Why do we need to check the shadow addr? Shouldn't it always be valid?

546

Lets create constants kOriginAlign = sizeof(dfsan_origin) and kOriginAlignMask = ~(kOriginAlign - 1), and use those everywhere instead of hardcoding 3.

Also, maybe short functions for AlignUp and AlignDown would improve readability.

551

Please fix this lint.

559
564–569

Similar structure to the above; may be a good candidate for a helper function or lambda.

auto ChainAndWriteOriginIfTainted = [=](uptr src, uptr size, uptr dest) {
...
};
572

Nit: Can reduce nesting if we invert the condition: if (beg == end) return;.

574

This skips the origin for the unaligned start of src.

585
598

Can we use this also for memcpy? It looks like we're checking byte-by-byte either way, so why not share the implementation?

653

Under what circumstances would we not have valid shadow addresses for the range?

657
658

Any downside to always copying in reverse order for simplicity?

stephan.yichao.zhao marked 12 inline comments as done.

update

compiler-rt/lib/dfsan/dfsan.cpp
261

We will be using this in the instrumented code. I saw today's IR sometimes lowers returning a pair like {i32, i32*} into returning a 64bit int as an optimization.
And returning {i32, i32*} is also an optimization of returning one element as return value, and the other as an argument pointer.
So I did this manually.

But I do not have strong option. Which one do you feel is better in this case?

328

We know the current DFSan memory layout is not correct. For example, addresses (0, 0x10000) are mapped to themselves.
For unknown reason this can happen at memmove or memcpy used inside a signal call.
This caused crash at runtime, and gdb coredump shows this. But I am not sure the full execution path that can lead to this.

Msan's is like this: it maps 0-0x10000 to 0x01....
We could try removing this check after fixing the memory layout issue after supporting 8bit.

Added comments.

551

https://github.com/llvm/llvm-project/commit/a7538fee3a0256a8891e746823f7b0f0ade84e62 commented out ChainOrigin for fixing compilation warnings. Uncommented.

564–569

defined a static ChainAndWriteOriginIfTainted.

574

The first "if (beg < d) {" block works for those bytes.

598

I feel this could be a small optimization if our CPUs do not work the same when prefetching data in different ways.
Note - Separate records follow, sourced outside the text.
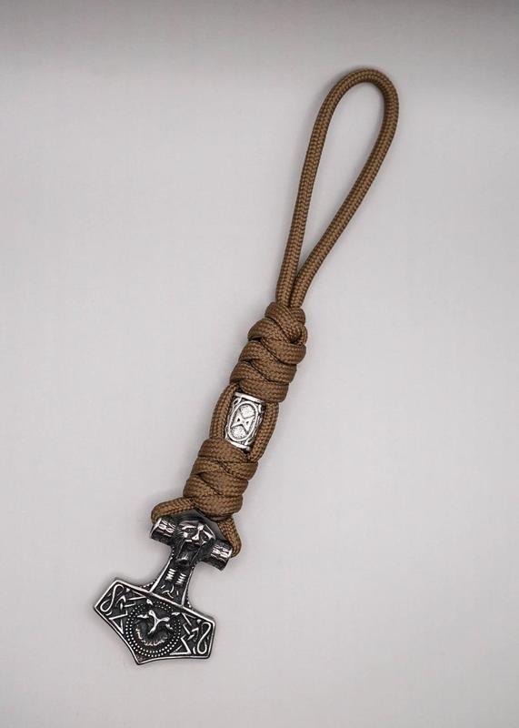Темляк из паракорда snake knot cо скандинавской бусиной и молотом тора, цвет изделия под з...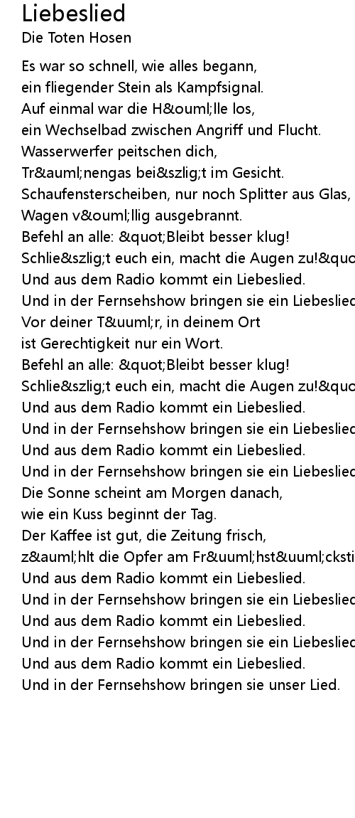 Und in der Fernsehshow bringen sie ein Liebeslied. |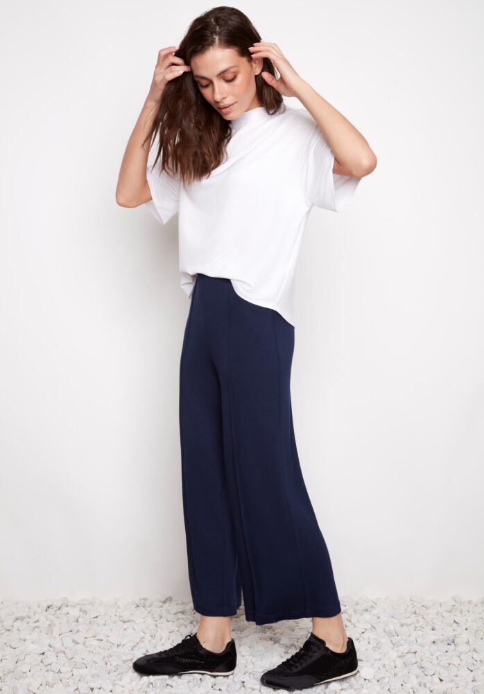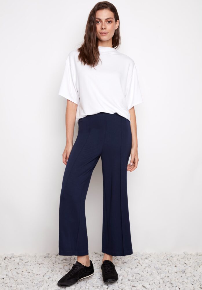 Une pièce luxueuse à la fois sophistiquée et facile à porter, ce pantalon court à jambes larges incarne l'élégance décontractée d'une Parisienne. Les coutures piqués apparentes rehaussent son allure aérienne d'une touche raffinée unique, lui conférant une sophistication urbaine et polyvalente.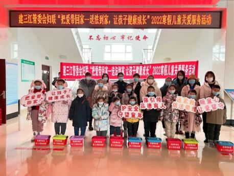 编者按:为深入学习贯彻党的十九届六中全会精神,按照全国妇联等12部门关于开展“把爱带回家—送法到家 让孩子健康成长”2022寒假儿童关爱服务活动的部署安排和黑龙江省妇联、佳木斯市妇联常态化开展寒暑假期儿童关爱服务活动工作要求,推动《中华人民共和国家庭教育促进法》落实落细,连日来,建三江管委会妇联积极联动各方资源,深入开展以思想引领、家教指导、安全保护、慰问帮扶为主要内容的关爱服务活动。建三江管委会妇联联动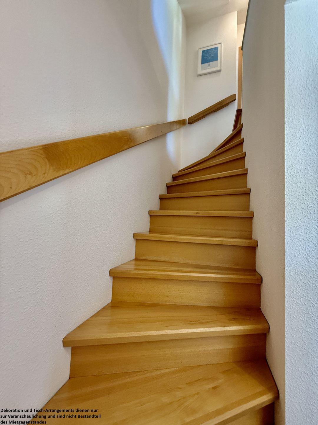 Über eine Holztreppe gelangen Sie ins Obergeschoss, wo sich zwei liebevoll gestaltete Schlafzimmer befinden.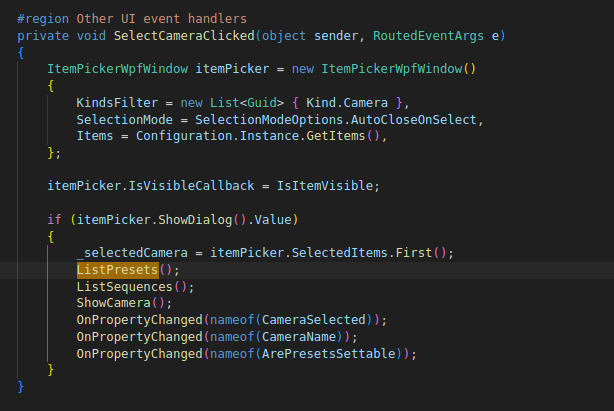 The sample is using the ItemPickerWpfWindow to let the user pick one camera.

Based on the link's experiments, the latency also depends on code pattern, like the order of the original data initialization. So if the origin is copied or moved in the same order as memcpy/memmove, the result performance would be consistent to those user memcpy/memmove.

https://stackoverflow.com/questions/13339582/why-is-linux-memmove-implemented-the-way-it-is shows that most memcpy does a forward copy and most memmove does a backward copy. This matches CopyOrigin and ReverseCopyOrigin.

Actually I am not sure in practice how much this can help performance, but since we have already had both ReverseCopyOrigin and CopyOrigin (following Msan), it would be fine to keep both.

653

This is similar to the check in GetOriginIfTainted. Will be revisiting this after memory layout is fixed. Added comments.

658

Added comments.

morehouse added inline comments.Feb 17 2021, 3:45 PM
compiler-rt/lib/dfsan/dfsan.cpp
574

What if dst is aligned properly but src is not? Then we skip the beg < d case.

585

Looks like this comment wasn't actually addressed.

stephan.yichao.zhao marked 2 inline comments as done.Feb 17 2021, 6:26 PM
compiler-rt/lib/dfsan/dfsan.cpp
574

This is a good point. I also missed the 'behavior'. I feel this is an side effect of 4 bytes share the same origin.

Consider copying 5 bytes from 0x12 to 0x20.
B0 and B1 share an origin O0, B2-B4 share another origin O1.
After the copy, B0-B3 should share one origin. But they have either O0 or O1 at src, so we can only keep one.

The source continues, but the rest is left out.